Kalkwst / MicroLib

MIT License
3 stars 0 forks source link

:sparkles: Add Jaccard Algorithm #5

Closed Kalkwst closed 1 year ago

Kalkwst commented 1 year ago

The Jaccard similarity and Jaccard distance are measures of the similarity between two strings. The Jaccard similarity is a value between 0 and 1 that indicates how similar the two strings are, with a value of 0 indicating that the strings are completely dissimilar and a value of 1 indicating that the strings are identical. The Jaccard distance is a value between 0 and 1 that indicates how dissimilar the two strings are, with a value of 0 indicating that the strings are identical and a value of 1 indicating that the strings are completely dissimilar.

The Jaccard similarity and Jaccard distance are calculated by comparing the characters in the two strings. The Jaccard similarity is calculated by dividing the number of common characters in the two strings by the total number of unique characters in the two strings. The Jaccard distance is calculated by subtracting the Jaccard similarity from 1.

For example, consider the two strings "cat" and "bat". These strings have two common characters (the letter "a") and three unique characters (the letters "c" and "t" in the first string, and the letters "b" and "t" in the second string). The Jaccard similarity between these two strings is therefore 2/3, or about 0.67. The Jaccard distance is 1 - 0.67, or about 0.33.

The code provides a method for calculating the Jaccard similarity between two strings, left and right. The Calculate method first checks if either of the input strings is null, and throws an ArgumentNullException if either is null. If both strings are non-null, it calls the CalculateJaccardSimilarity method to compute the Jaccard similarity between the strings.
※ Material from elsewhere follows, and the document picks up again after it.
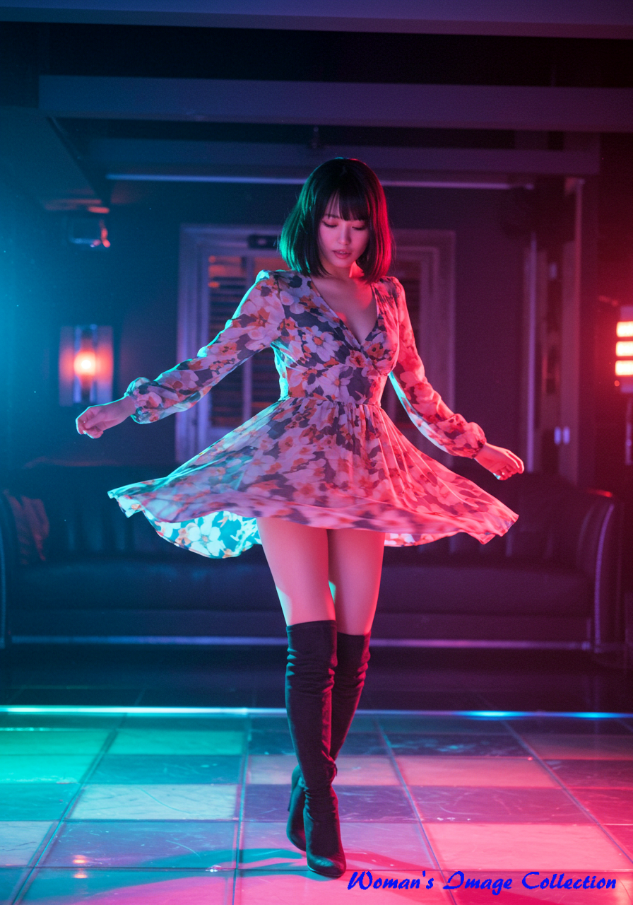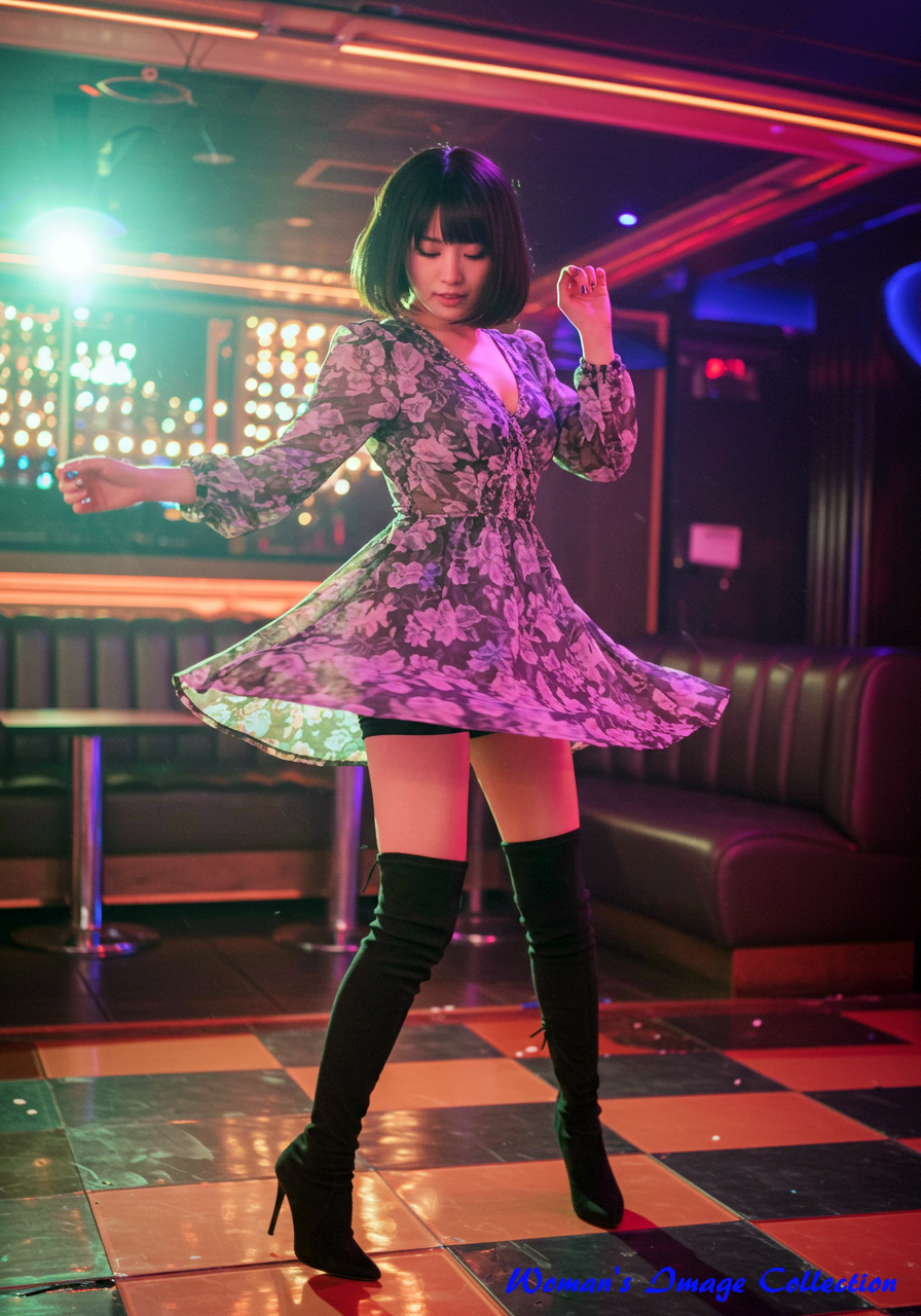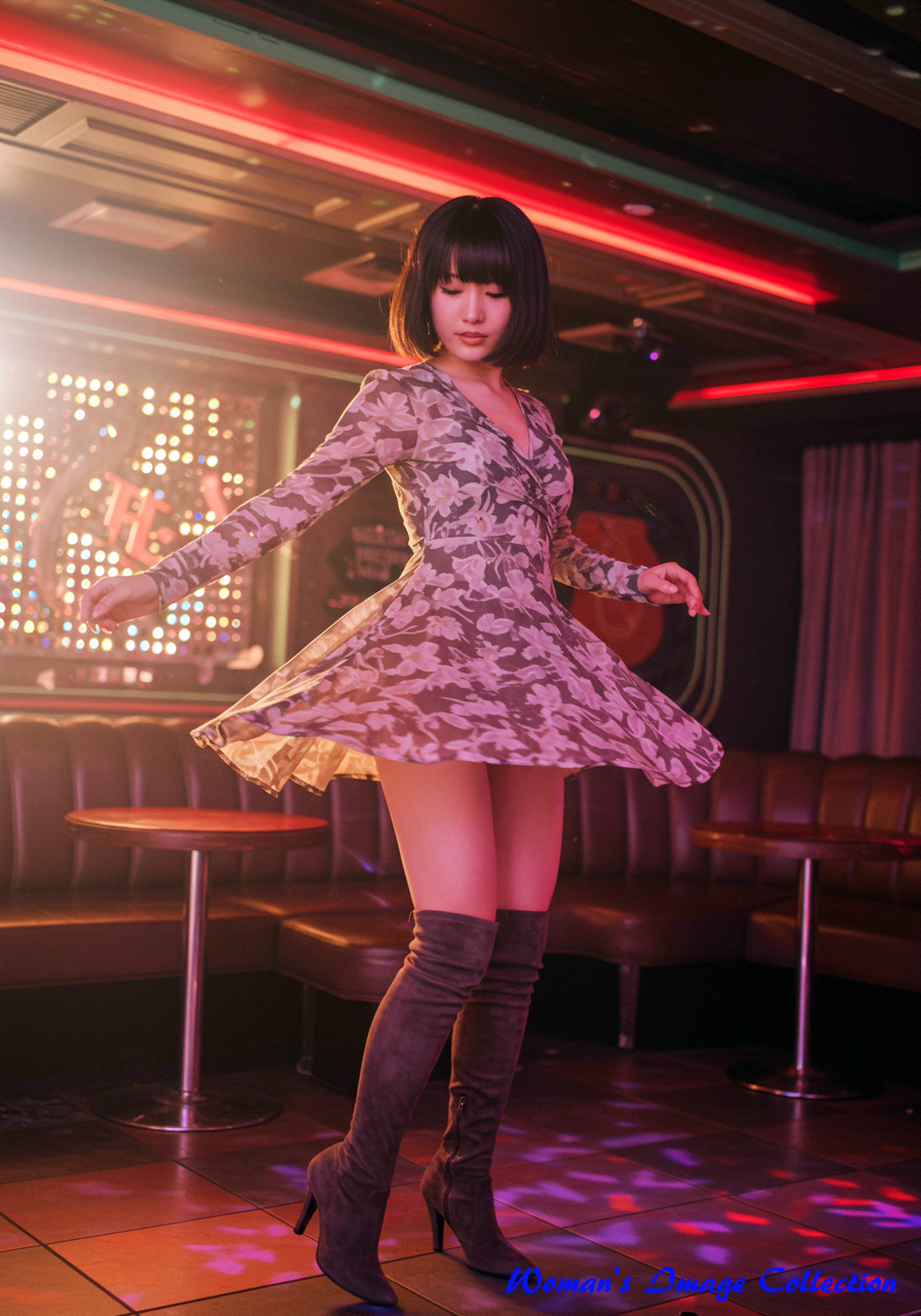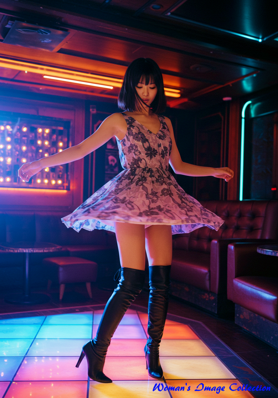 シアーミニドレス の日本の少女が、高転しながら熱心に踊っている。彼女はロングブーツを履き、スタイリッシュなボブカットの髪型をしている。背景:レトロフューチャーな装飾と輝くダンスフロアを備えた未来的なラウンジ。

The CalculateJaccardSimilarity method first checks if either of the input strings is empty. If both are empty, it returns a similarity of 1 (i.e. the strings are identical). If either is empty but the other is not, it returns a similarity of 0 (i.e. the strings are completely dissimilar). Otherwise, it creates two sets of characters, leftSet and rightSet, representing the characters in the two strings. It then creates a third set, unionSet, representing the union of the leftSet and rightSet sets. Finally, it calculates the Jaccard similarity by dividing the size of the intersection of leftSet and rightSet by the size of unionSet. The Jaccard similarity is returned as a double-precision floating point value.